Testimonials supporting use of techniques
Testimonials are a significant feature of WBH’s various publications. The respondents sought to rely on the testimonials in their defence, noting that in the book there are six testimonials between pp 194-197 and 28 testimonials between pp 200-205. The respondents also noted that there are at least 22 testimonials on the website.
The ACCC alleged that the following publications contained representations purporting to be testimonials from consumers who had followed or implemented the techniques to achieve the outcome described by the System and Strategies Representations:
(1)advertisements about the free seminar, as set out in [336] below;
(2)the website; and
(3)the website.
The testimonials relied upon by the ACCC and referred to above are identified at [330], [349], [350], [374] and [380] below. Each one contains a claim that the author bought a property for $1. There was no evidence from the persons who had purportedly given the testimonials to verify their claims.
The ACCC argued that a significant feature of the experiences of Mr Otton and the persons who purportedly gave the testimonials (as set out in the book, the various web pages set out above and the testimonials) was the ease with which the techniques could be used “(i) on any property, (ii) in any market and (iii) without the consumer having any real estate experience”.
The ACCC did not contend that the testimonials were fictitious.
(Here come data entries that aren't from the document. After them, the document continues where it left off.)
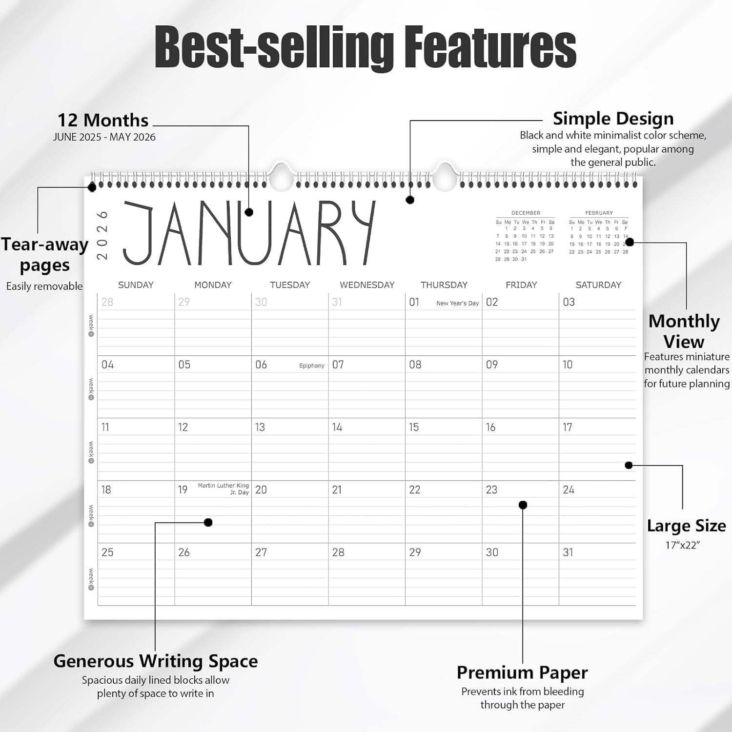 - Extra-Large Format for Easy Planning:Stay organized throughout the year with our large wall calendar 2025-2026, spanning from June 2025 to May 2026. Measuring 22" x 17", this oversized format is perfect for hanging or desktop use. It’s the ideal 12-month hanging calendar for students, professionals, and families alike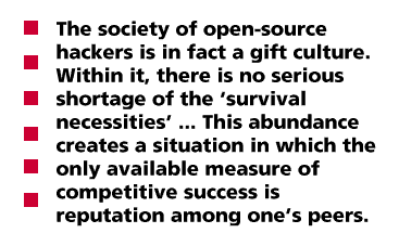 Examined in this way, it is quite clear that the society of open-source hackers is in fact a gift culture. Within it, there is no serious shortage of the 'survival necessities' - disk space, network bandwidth, computing power. Software is freely shared. This abundance creates a situation in which the only available measure of competitive success is reputation among one's peers.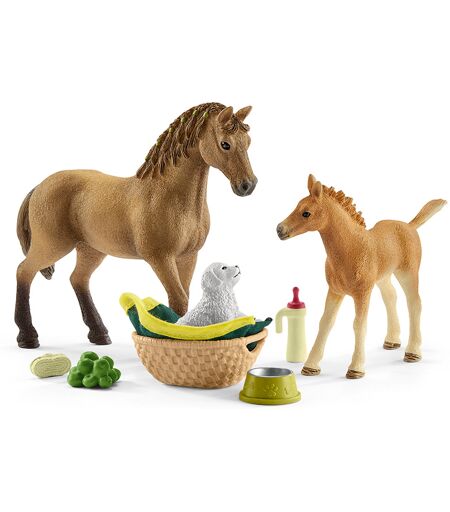 Small animal department, foal care, with horse, foal and puppy and accessories from Schleich Horse Club. A quarter horse foal is born and Sarah feeds it with the bottle! The mare lets Sarah come close to brush the foal with the massage brush. It is so wonderful to take care of the foal that Sarah completely forgets the time. She then has to hurry off to the few days old puppy. It is crouched on the fluffy blanket in its basket and eagerly waiting to get its bottle. Contents: 1 quarter mare, 1 quarter foal, 1 puppy, 1 blanket, 1 basket, 1 bottle, 1 food bowl, 1 massage brush, 1 apple Dimensions: Dimensions: 24.5 x 5.2 x 19cm (W x D x H) Not recommended for children under 3 years. ...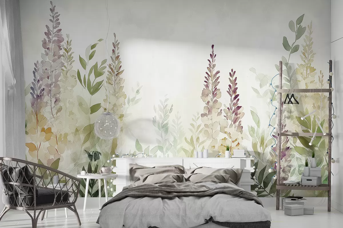 Fotomurales Acuarela jardín de flores, diseño floral, colores naturales Nr. w01562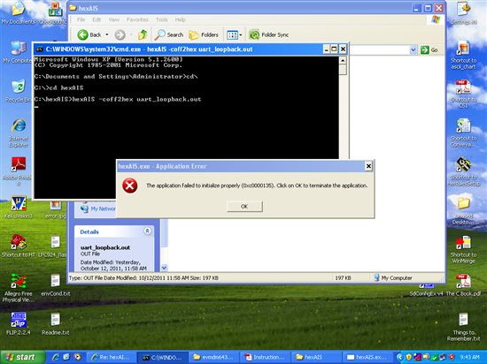 When I copy the hexAIS folder in c:\ with my .out file and run the .exe command i get the following error.

Its case was that the testimonials were false because it is not possible to buy a house for $1, and that the testimonials are deemed to be misleading under s 29(2) of the Australian Consumer Law (set out below) in the absence of evidence to the contrary.
ACCC’s case
The trial dealt with the ACCC’s case that the respondents had contravened the Australian Consumer Law, with questions of relief to be dealt with separately in the event that the Court found the alleged contraventions.
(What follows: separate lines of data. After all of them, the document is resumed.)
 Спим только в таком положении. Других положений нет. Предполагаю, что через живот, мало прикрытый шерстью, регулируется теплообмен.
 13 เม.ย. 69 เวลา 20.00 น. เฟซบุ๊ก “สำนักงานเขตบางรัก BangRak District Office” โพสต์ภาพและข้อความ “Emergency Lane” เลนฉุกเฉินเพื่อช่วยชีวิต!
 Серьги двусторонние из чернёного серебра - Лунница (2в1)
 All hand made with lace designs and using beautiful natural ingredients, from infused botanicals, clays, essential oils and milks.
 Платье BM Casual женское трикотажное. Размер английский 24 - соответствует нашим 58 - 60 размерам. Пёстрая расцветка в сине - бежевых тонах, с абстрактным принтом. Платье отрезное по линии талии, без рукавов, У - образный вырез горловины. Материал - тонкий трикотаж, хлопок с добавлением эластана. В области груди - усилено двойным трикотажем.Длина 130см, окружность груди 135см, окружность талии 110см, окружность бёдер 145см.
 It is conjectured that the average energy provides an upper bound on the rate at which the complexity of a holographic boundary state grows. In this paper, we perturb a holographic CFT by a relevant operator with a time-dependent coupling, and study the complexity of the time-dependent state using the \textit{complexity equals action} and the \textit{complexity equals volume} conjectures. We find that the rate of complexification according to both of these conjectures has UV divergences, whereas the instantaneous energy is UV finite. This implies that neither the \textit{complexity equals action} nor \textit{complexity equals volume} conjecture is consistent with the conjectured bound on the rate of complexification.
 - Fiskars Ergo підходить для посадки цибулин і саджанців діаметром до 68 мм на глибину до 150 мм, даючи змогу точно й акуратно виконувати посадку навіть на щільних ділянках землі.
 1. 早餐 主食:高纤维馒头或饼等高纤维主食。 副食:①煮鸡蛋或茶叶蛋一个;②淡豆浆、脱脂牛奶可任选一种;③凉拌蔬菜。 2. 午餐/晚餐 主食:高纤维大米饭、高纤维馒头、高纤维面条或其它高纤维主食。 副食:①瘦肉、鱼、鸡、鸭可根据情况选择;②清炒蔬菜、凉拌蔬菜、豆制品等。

The principal findings for which ACCC contended are:
(1)WBH and Mr Otton made the System and Strategies Representations:
(a)in the book;
(b)at the free seminars (and in material promoting those events);
(c)at the boot camps (and in material promoting those events);
(d)in its training materials; and
(e)on the websites.
(2)Consumers using the system and strategies promoted and taught by WBH and Mr Otton could not achieve the outcomes represented, because the strategies require either:
(a)the purchase of a property using a consumer’s own money; a deposit and/or traditional bank finance; or
(b)the consumer to act as a “middleman” to facilitate property transactions between third party sellers and third party buyers.
(3)WBH and Mr Otton did not have reasonable grounds for making the System and Strategies Representations because:
(a)Mr Otton himself had not implemented the strategies in the manner that WBH and Mr Otton taught them; and
(b)WBH and Mr Otton called no evidence from anyone who had successfully implemented the strategies to achieve the outcomes represented.
(4)The System and Strategies Representations were false, misleading or deceptive or likely to mislead or deceive in that the strategies could not achieve the outcomes represented.
(5)WBH and Mr Otton failed to disclose to or warn consumers and potential consumers that the strategies were not easy to implement and work in limited circumstances only.
(6)The System and Strategies Representations were not puffery, having regard to the context which saw them repeated throughout the various forums and media in which they appeared.
(7)WBH and Mr Otton adduced no evidence that the testimonials were not false or misleading.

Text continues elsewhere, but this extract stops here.